EXERCISE PROMPT
The entries below contain pictures, which are to be left out; write out exactly, and only, the lines from the line with "и abcd. Простая" up to and including the line with "- আপলোড শুরু".

GIVEN INFORMATION

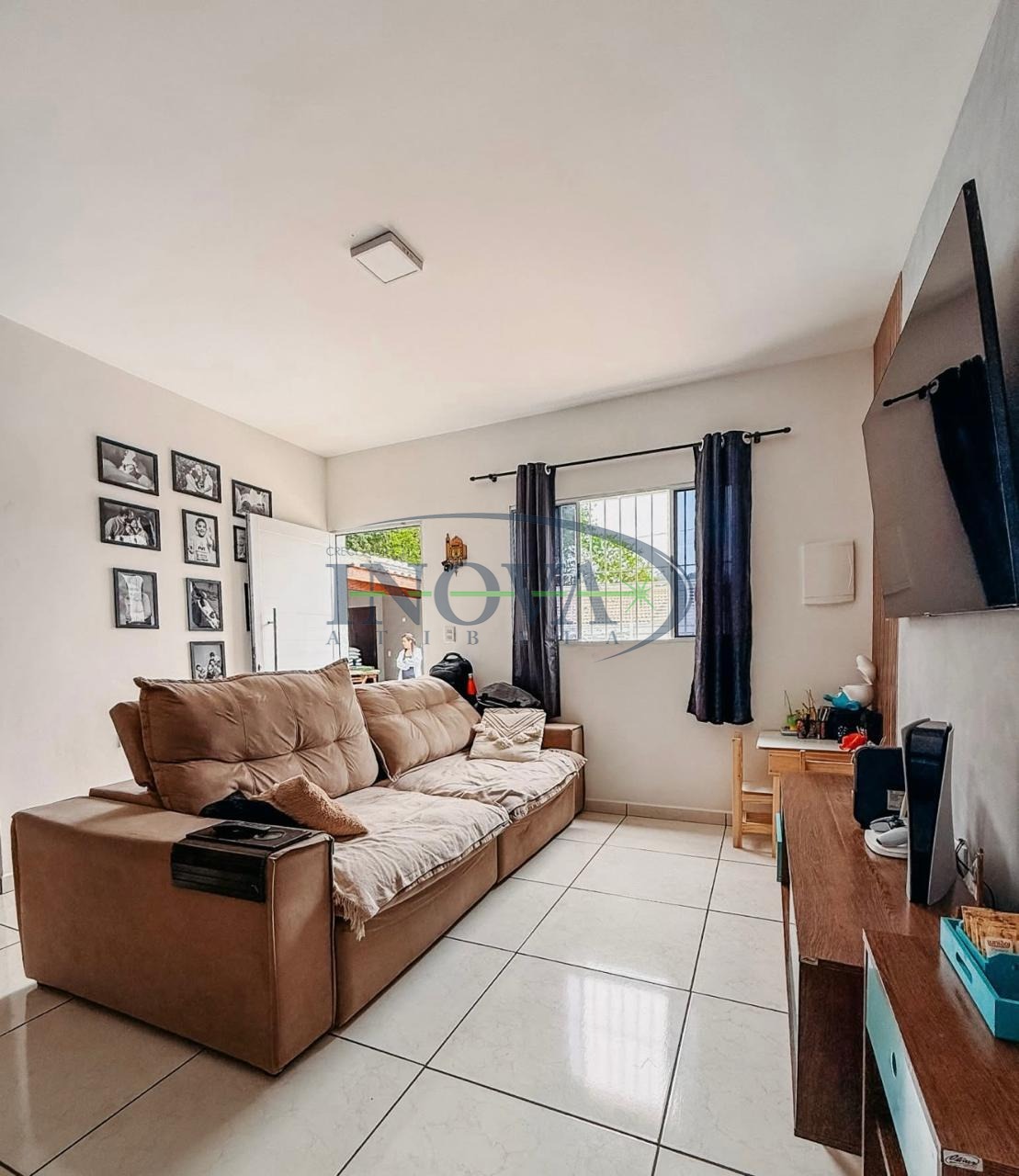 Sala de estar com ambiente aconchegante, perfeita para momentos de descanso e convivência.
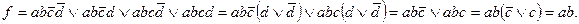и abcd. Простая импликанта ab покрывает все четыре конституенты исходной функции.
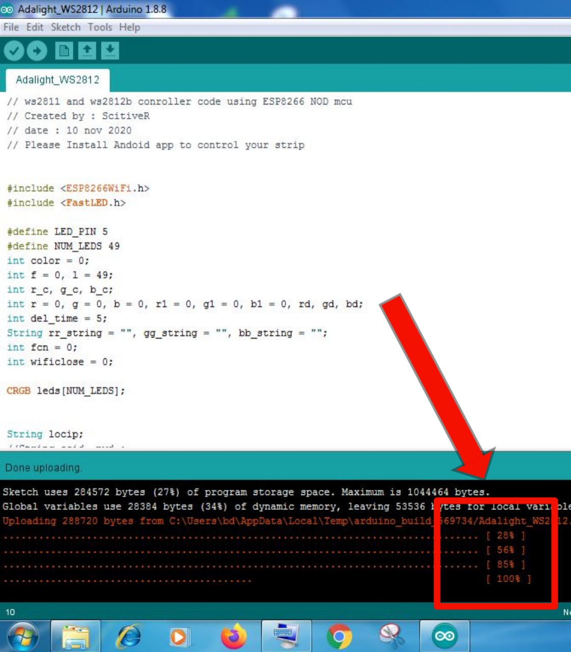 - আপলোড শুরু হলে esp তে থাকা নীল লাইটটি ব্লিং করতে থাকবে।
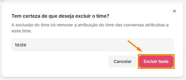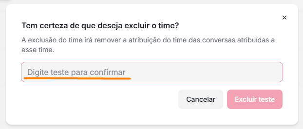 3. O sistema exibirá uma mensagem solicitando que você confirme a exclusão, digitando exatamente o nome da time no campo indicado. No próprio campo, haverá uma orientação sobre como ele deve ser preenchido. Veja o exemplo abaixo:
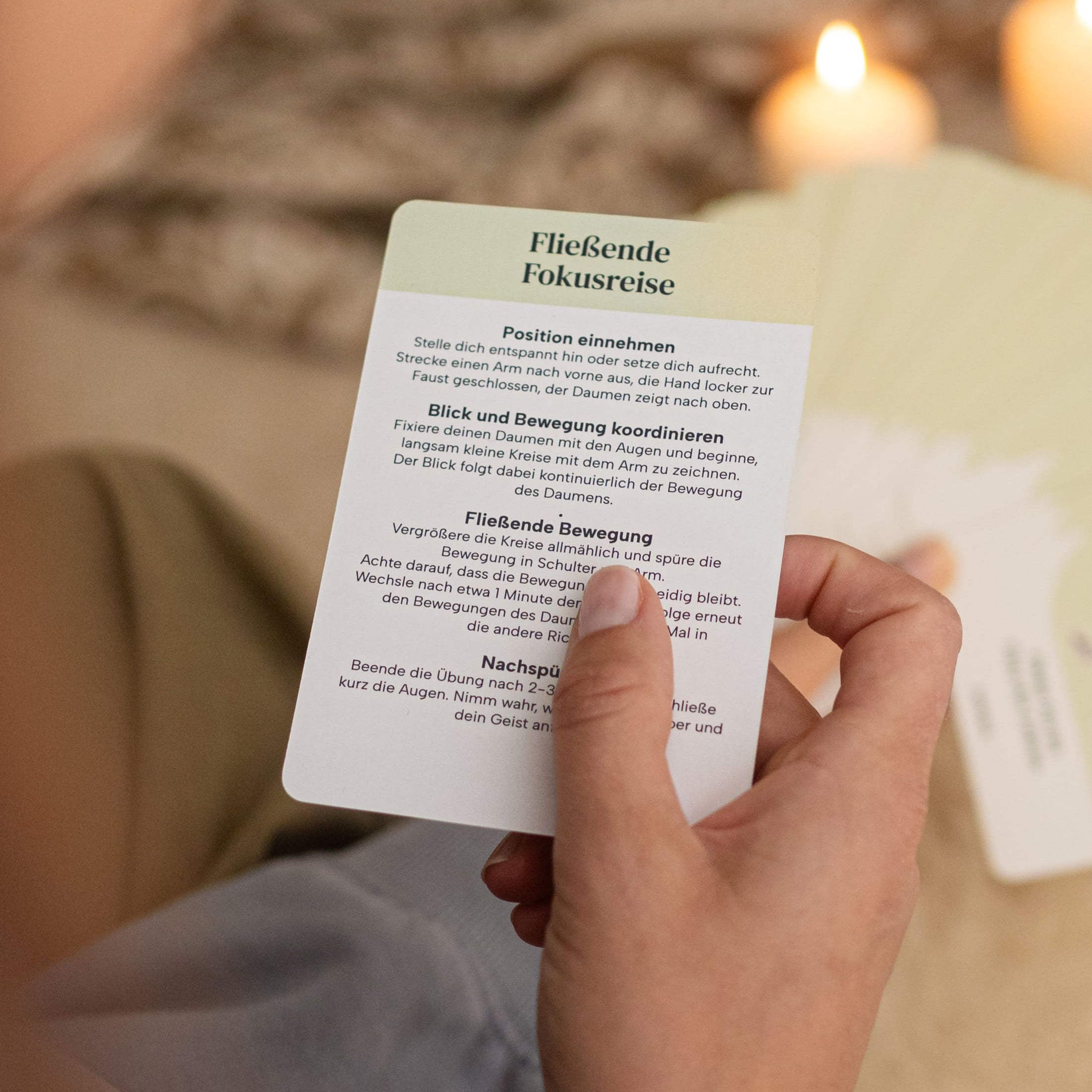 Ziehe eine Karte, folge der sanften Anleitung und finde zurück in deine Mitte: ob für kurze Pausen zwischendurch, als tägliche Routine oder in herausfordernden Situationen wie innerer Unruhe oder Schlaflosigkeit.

EXERCISE RESPONSE
и abcd. Простая импликанта ab покрывает все четыре конституенты исходной функции.
 - আপলোড শুরু হলে esp তে থাকা নীল লাইটটি ব্লিং করতে থাকবে।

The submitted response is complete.